- **YOUR INSTRUCTIONS**: Exact copies of the lines from the start of the records through the line with "Fine knit sweater." are what the answer must hold; pictures are not part of it.

- **Stored entries**:
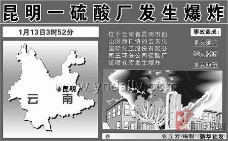 昨日凌晨3時50分許,昆明市西山區海口鎮云天化國際化工股份有限公司三環分公司硫酸廠硫磺倉庫,在硫磺裝卸過程中,硫磺粉塵發生爆炸并起火燃燒。事故共造成5人死亡,32人受傷,兩人失蹤。
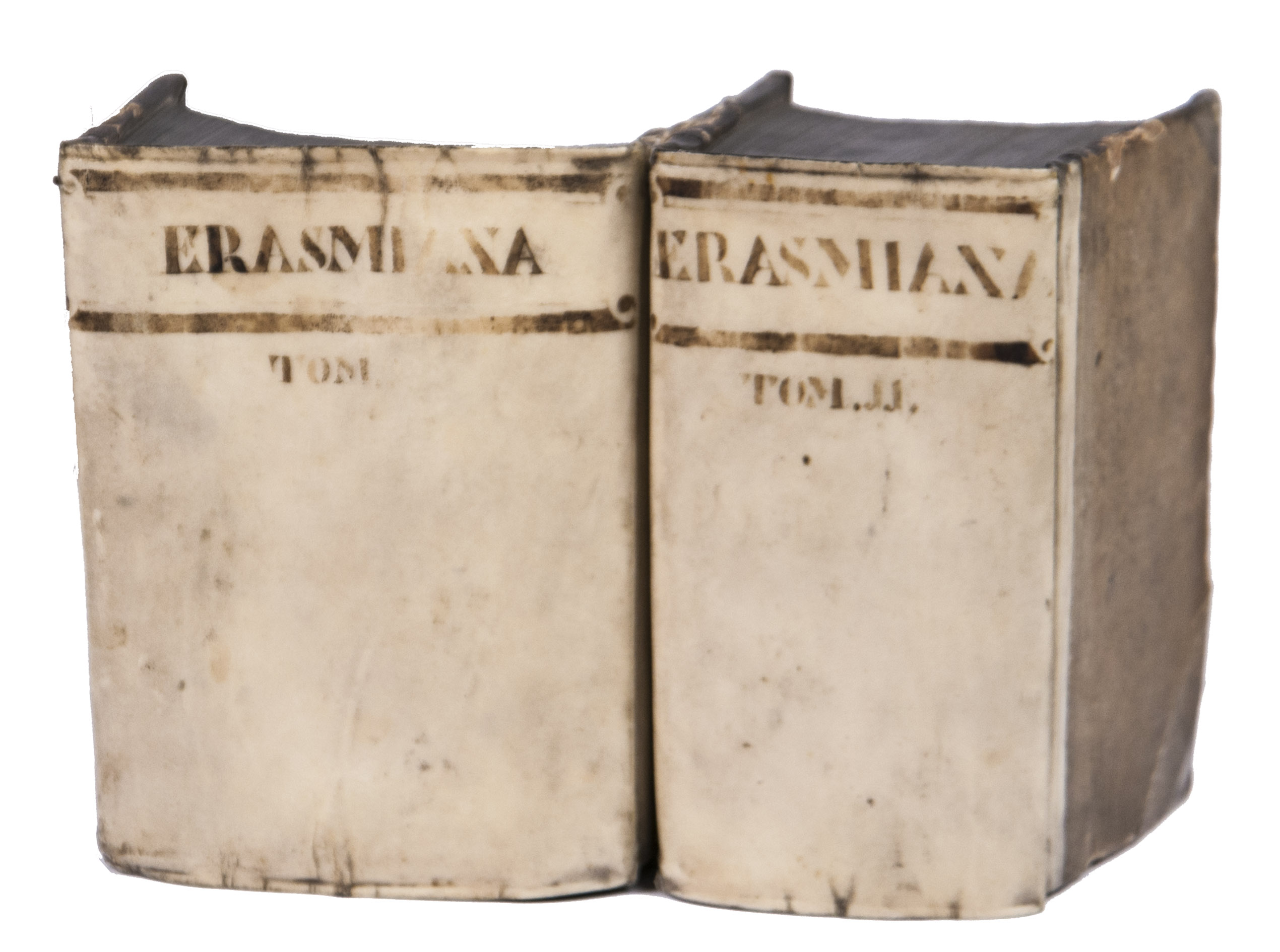 Contemporary half vellum, paper sides, with "Erasmiana tom. I [or II]" in manuscript on the spine, blue edges.
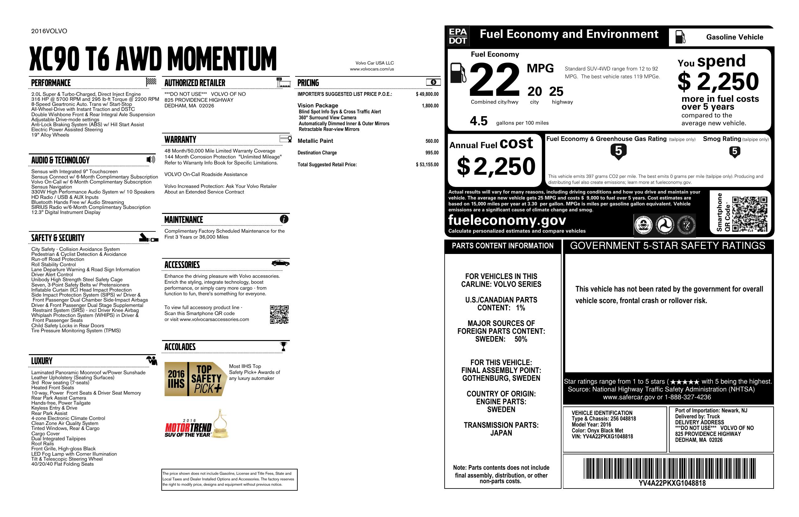 2016 Volvo Xc90 T6 Momentum
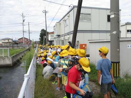 ここは、学校のプールの近くにある用水の様子です。子供達にどこが危険か尋ねてみると、「流れがとても速くて落ちたらすぐ流されてしまいそう」「深くて怖い」「コンクリートで囲まれていて落ちたら上れなさそう」など、しっかりと危険な様子を捉えていました。
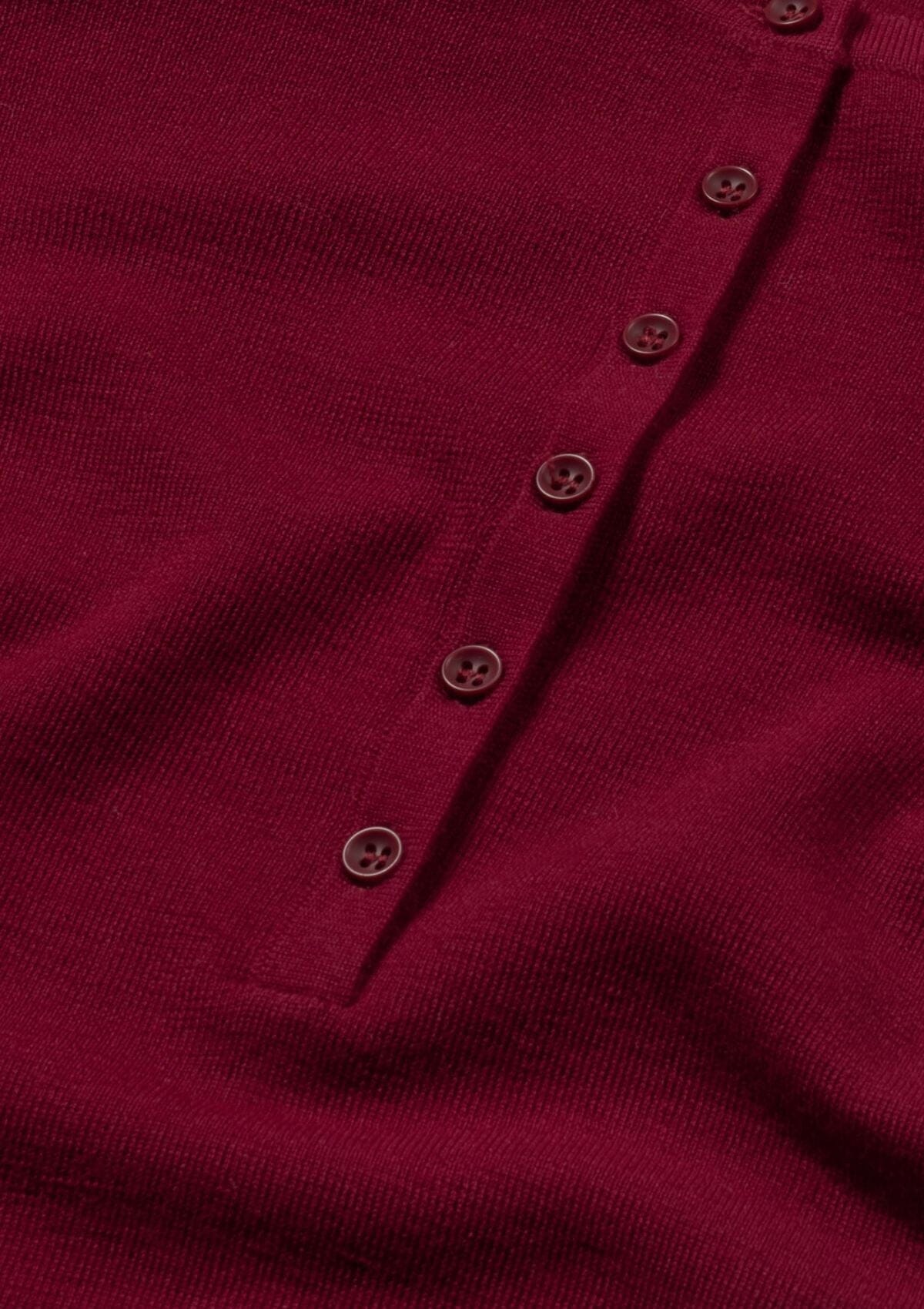Fine knit sweater. Wool and silk blend fabric, soft to the touch. Round neck with buttons. Long sleeves. Slim fit. Garment length for size S: 56 cm.
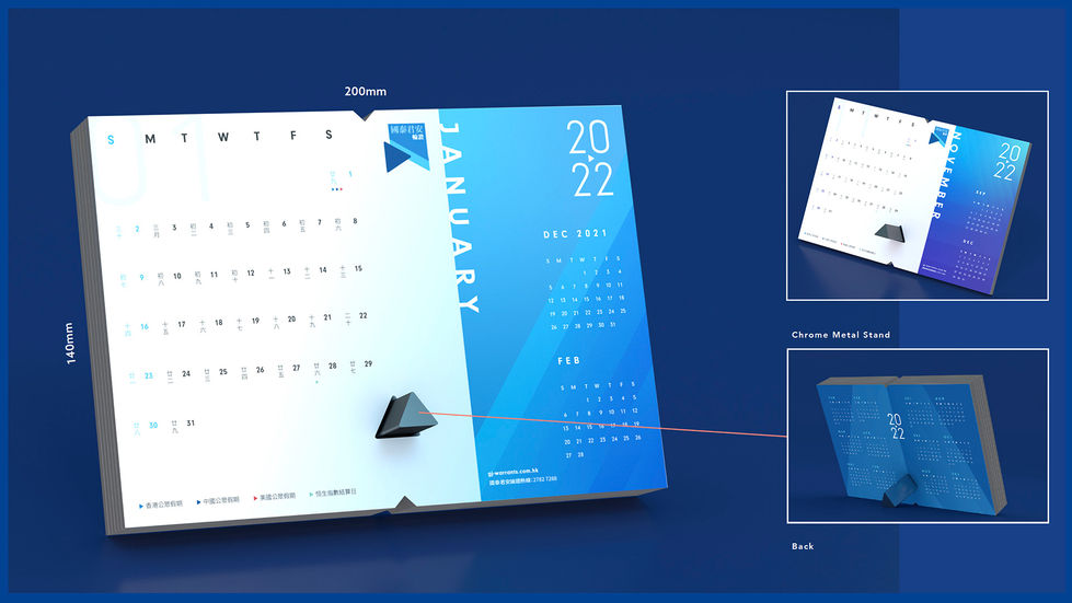 We were commissioned by Guotai Junan International (GTJA) to design the 2022 calendar for GJ Warrants, with the goal of embodying the brand's professional efficiency and innovative spirit. The design features a simple yet highly effective structure, using a triangular stand that not only provides the perfect display angle but also subtly echoes the GJ Warrants logo mark. Furthermore, subtle color gradients were incorporated to visually represent the brand's constant progress and forward momentum.
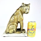 The gold metal Tiger Statue is a captivating piece that showcases a tiger theme in a nature scene. Made of metal, this antique figurine originates from India, giving it a unique cultural and artistic touch. Standing at a height of 10.5 inches, this statue is a symbol of power and beauty, making it a stunning addition to any collection or decorative display. There is some ware of the gold. Zoom in and see the photos This is a heavy piece weighing over 5 lbs. missing one foam foot on the bottom. Let me know what questions you have. Blessings to you!ππππππππ€π

- **SOLVED PROBLEM**:
 昨日凌晨3時50分許,昆明市西山區海口鎮云天化國際化工股份有限公司三環分公司硫酸廠硫磺倉庫,在硫磺裝卸過程中,硫磺粉塵發生爆炸并起火燃燒。事故共造成5人死亡,32人受傷,兩人失蹤。
 Contemporary half vellum, paper sides, with "Erasmiana tom. I [or II]" in manuscript on the spine, blue edges.
 2016 Volvo Xc90 T6 Momentum
 ここは、学校のプールの近くにある用水の様子です。子供達にどこが危険か尋ねてみると、「流れがとても速くて落ちたらすぐ流されてしまいそう」「深くて怖い」「コンクリートで囲まれていて落ちたら上れなさそう」など、しっかりと危険な様子を捉えていました。
Fine knit sweater. Wool and silk blend fabric, soft to the touch. Round neck with buttons. Long sleeves. Slim fit. Garment length for size S: 56 cm.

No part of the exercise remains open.